When SQL optimization, be sure to pay attention to the number of times back to the table! In particular, pay attention to the physical I/O count of the back table!
Remember the faulty execution plan in Section 1.3?
1SQL> select * from test where owner='SYS'; 230808 rows selected. 3Execution Plan 4---------------------------------------------------------- 5Plan hash value: 3932013684 6------------------------------------------------------------------------------------- 7| Id | Operation | Name | Rows | Bytes | Cost(%CPU)| Time | 8------------------------------------------------------------------------------------- 9| 0 | SELECT STATEMENT | | 2499 | 236K| 73 (0)| 00:00:01 |10| 1 | TABLE ACCESS BY INDEX ROWID| TEST | 2499 | 236K| 73 (0)| 00:00:01 |11|* 2 | INDEX RANGE SCAN | IDX_OWNER| 2499 | | 6 (0)| 00:00:01 |12-------------------------------------------------------------------------------------13Predicate Information (identified by operation id):14---------------------------------------------------15 2 - access("OWNER"='SYS')
Copy the code
The bold part of the execution plan (TABLE ACCESS BY INDEX ROWID) is the back TABLE. The index returns as many rows of data as it returns to the table, each time a single block read (because one ROWID corresponds to one block).

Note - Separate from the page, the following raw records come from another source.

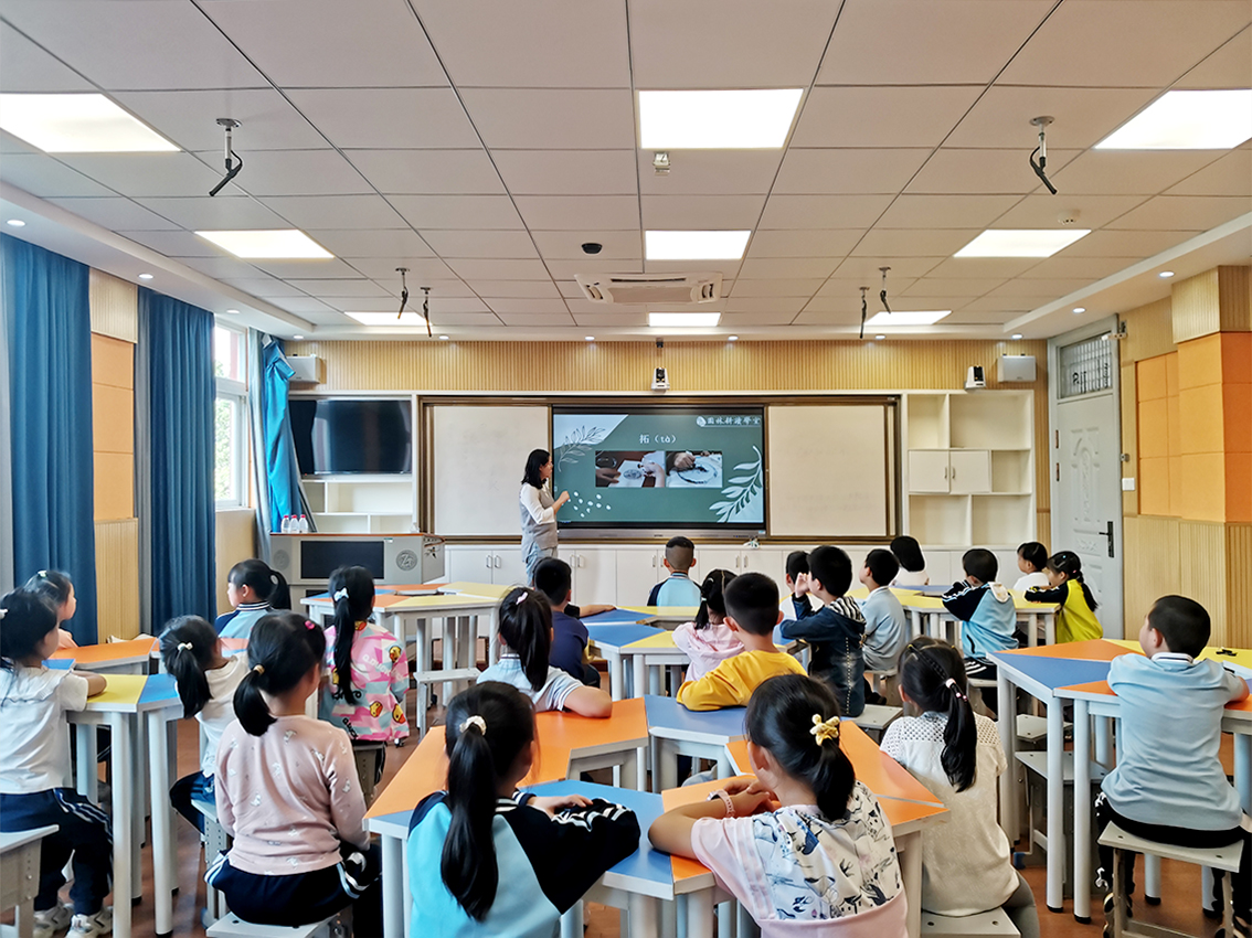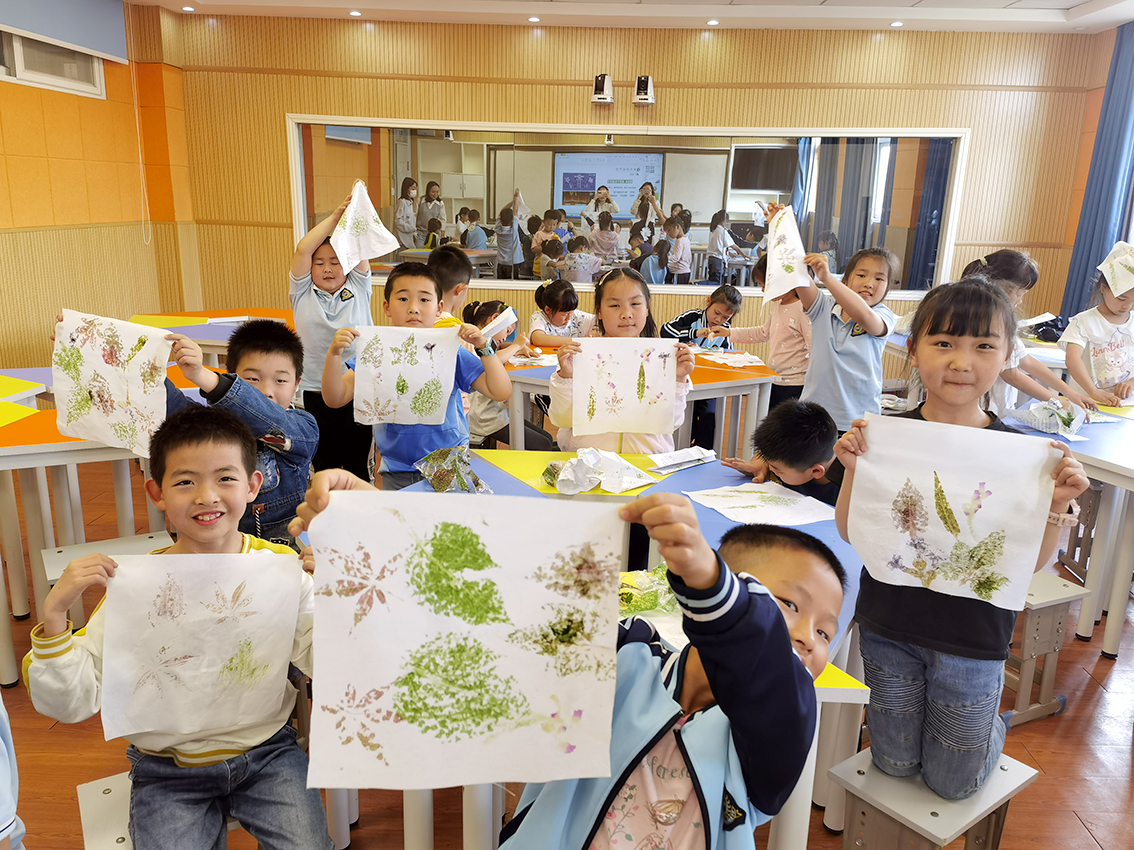 活动结束后,同学们都争先踊跃地展示着自己的作品,主动发问,抒发活动的体验感受。卢亚雯最后总结道,“植物不仅有拓染、还有蜡染、扎染,统称为植物染。这个工艺是我国优秀的非物质文化遗产,这次科普活动不只传播了植物的知识,还在孩子心中埋下真善美的种子,让他们更加了解自然、热爱自然。”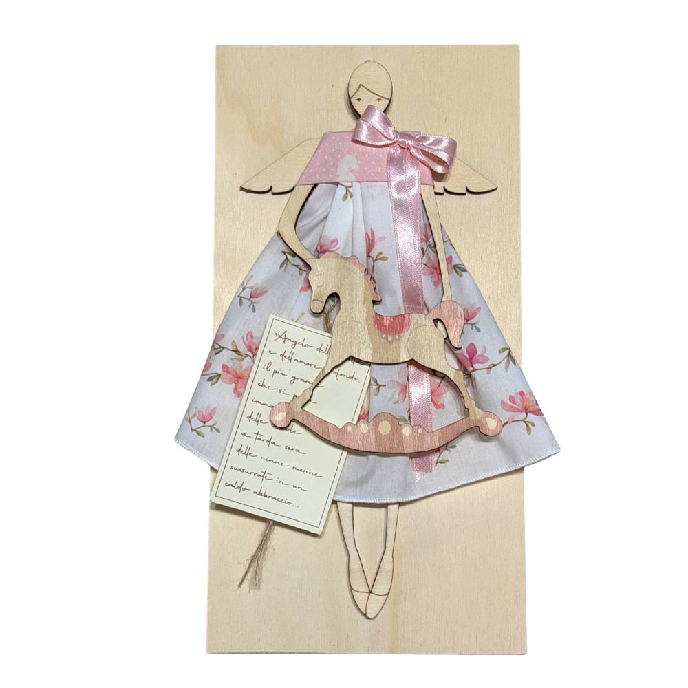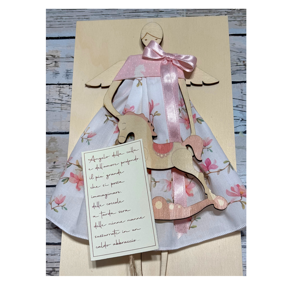 L'angelo è disegnato nel laboratorio creativo dell'azienda italiana su di un supporto in legno e decorato a mano, con tessuti pregiati di manifattura sempre italiana.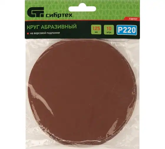 Круг абразивный на ворсовой подложке под липучку 10 шт, 125 мм, P220 СИБРТЕХ 738707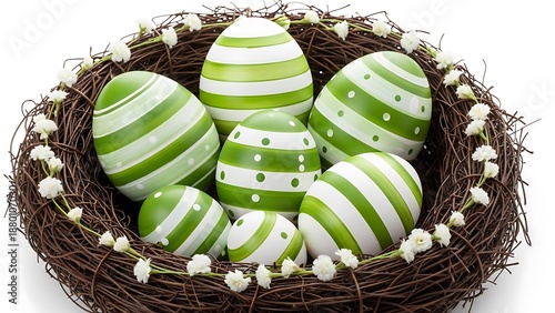 Beautiful green and white easter eggs in a nest with small white flowers
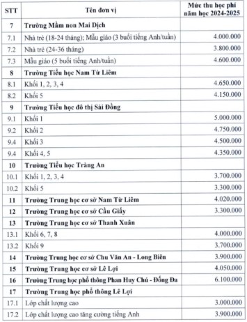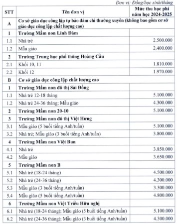 Cụ thể quy định về mức thu học phí đối với các cơ sở giáo dục mầm non, giáo dục phổ thông công lập tự bảo đảm chi thường xuyên; cơ sở giáo dục mầm non, giáo dục phổ thông công lập chất lượng cao của thành phố Hà Nội năm học 2024-2025.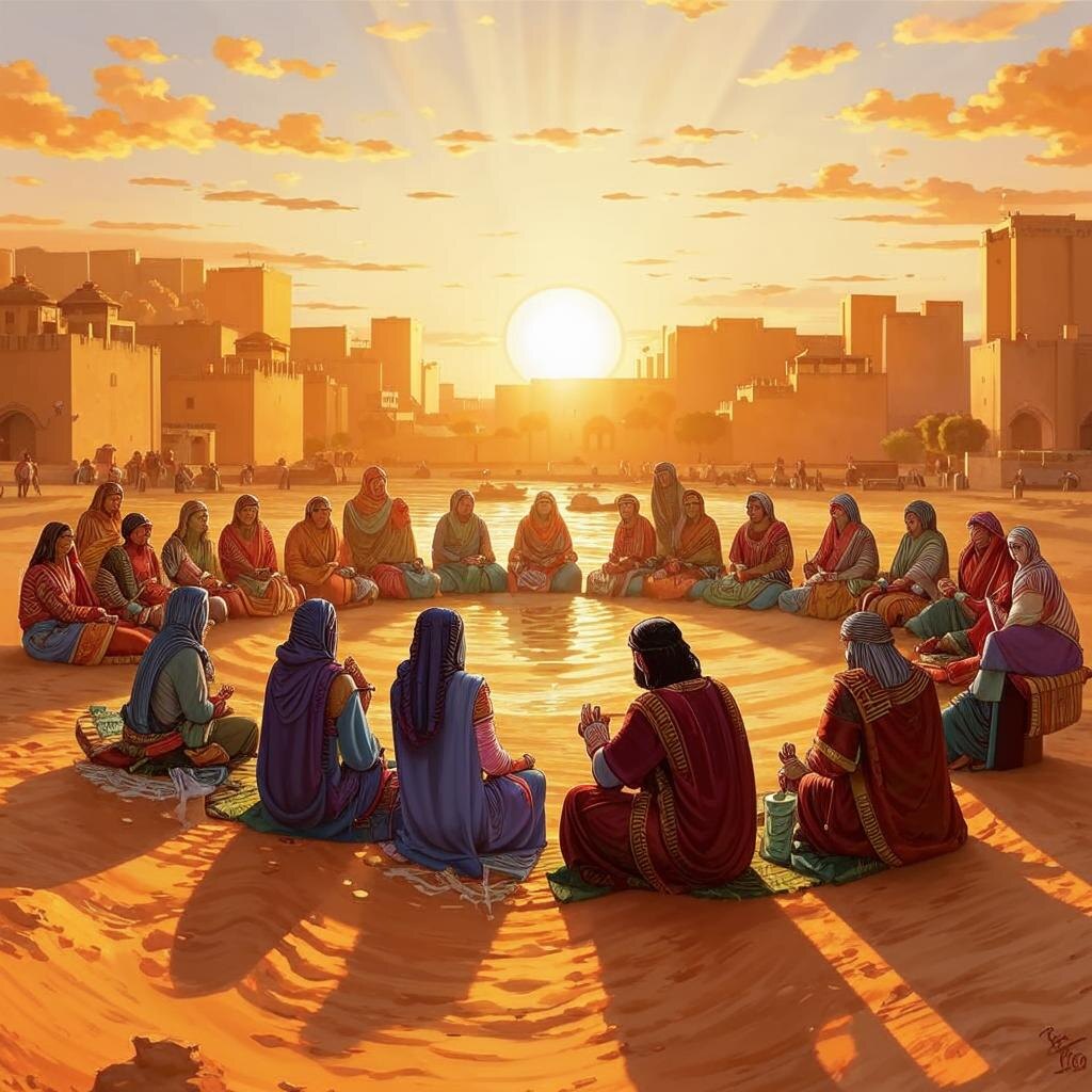 Утром Пастух облачился в халат, Который носила дворцовая знать, Из конницы царской на день взял в аренду Высокую и дорогую карету, Друзей усадил на большие повозки, В которых катались солидные гости, И многочисленной шумной колонной Процессия вышла к заветному дому.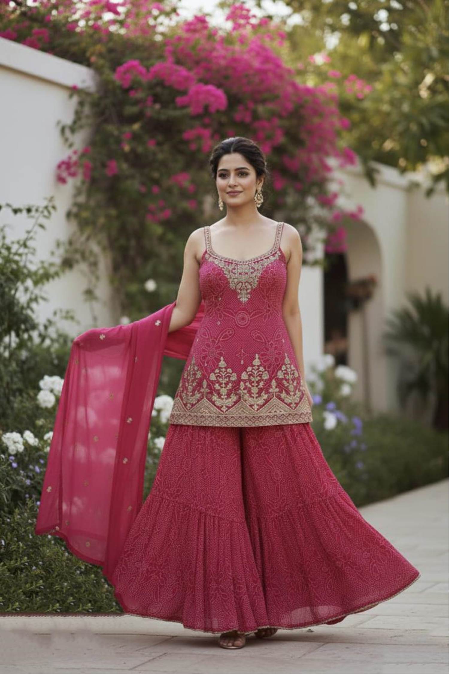 Rani Color Party Wear Designer Indo-Western Gharara Suit

This SQL returned 30808 rows of data, so it would take 30808 times to return to the table.
Consider: is the performance of the execution plan above being spent in index scans or back tables?
To get the answer, please experiment in SQLPLUS. To eliminate the effect of arraysize on logical reads, set arraySize =5000. Arraysize indicates how many rows of data the Oracle server transfers to the client at a time. The default is 15. If a block has 150 rows of data, the block will be read 10 times, and since only 15 rows are transferred to the client at a time, the logical read will be amplified. With arraySize =5000, the problem of a block being read n times does not occur.
1SQL> set arraysize 5000 2SQL> set autot trace 3SQL> select owner from test where owner='SYS'; 430808 rows selected. 5Execution Plan 6---------------------------------------------------------- 7Plan hash value: 373050211 8------------------------------------------------------------------------------ 9| Id | Operation | Name | Rows | Bytes | Cost (%CPU)| Time |10------------------------------------------------------------------------------11| 0 | SELECT STATEMENT | | 2499 | 14994 | 6 (0)| 00:00:01 |12|* 1 | INDEX RANGE SCAN| IDX_OWNER | 2499 | 14994 | 6 (0)| 00:00:01 |13------------------------------------------------------------------------------14Predicate Information (identified by operation id):15---------------------------------------------------16 1 - access("OWNER"='SYS')17Statistics18----------------------------------------------------------19 0 recursive calls20 0 db block gets21 74 consistent gets22 0 physical reads23 0 redo size24 155251 bytes sent via SQL*Net to client25 486 bytes received via SQL*Net from client26 8 SQL*Net roundtrips to/from client27 0 sorts (memory)28 0 sorts (disk)29 30808 rows processed
Copy the code
As you can see from the above experiment, the index scan only took 74 logical reads.
1SQL> select * from test where owner='SYS'; 230808 rows selected. 3Execution Plan 4---------------------------------------------------------- 5Plan hash value: 3932013684 6------------------------------------------------------------------------------------- 7| Id |Operation | Name | Rows | Bytes | Cost(%CPU)| Time | 8------------------------------------------------------------------------------------- 9| 0 | SELECT STATEMENT | | 2499 | 236K| 73 (0)| 00:00:01 |10| 1 | TABLE ACCESS BY INDEX ROWID| TEST | 2499 | 236K| 73 (0)| 00:00:01 |11|* 2 | INDEX RANGE SCAN | IDX_OWNER| 2499 | | 6 (0)| 00:00:01 |12-------------------------------------------------------------------------------------13Predicate Information (identified by operation id):14---------------------------------------------------15 2 - access("OWNER"='SYS')16Statistics17----------------------------------------------------------18 0 recursive calls19 0 db block gets20 877 consistent gets21 0 physical reads22 0 redo size23 3120934 bytes sent via SQL*Net to client24 486 bytes received via SQL*Net from client25 8 SQL*Net roundtrips to/from client26 0 sorts (memory)27 0 sorts (disk)28 30808 rows processed29SQL> set autot off30SQL> select count(distinct dbms_rowid.rowid_block_number(rowid)) blocks31 2 from test32 3 where owner = 'SYS'; 33 BLOCKS34----------35 796
Copy the code
SQL SQL: 877 logical reads in the case of a return table, so the 877 logical reads are from?
The 30808 data pieces returned from SQL are stored in 796 data blocks. Accessing these 796 data blocks requires 796 logical reads, including 74 logical reads from the index scan, and 7 logical reads (7=ROUND (30808/5000)). This adds up to 877 logical reads.
So we can tell that most of the performance loss of this SQL is indeed in the back table!
Even worse: assuming that 30 808 pieces of data are in different blocks and the table is not cached in the buffer cache, it would take 30 808 physical I/O to retrieve the table, which is terrible.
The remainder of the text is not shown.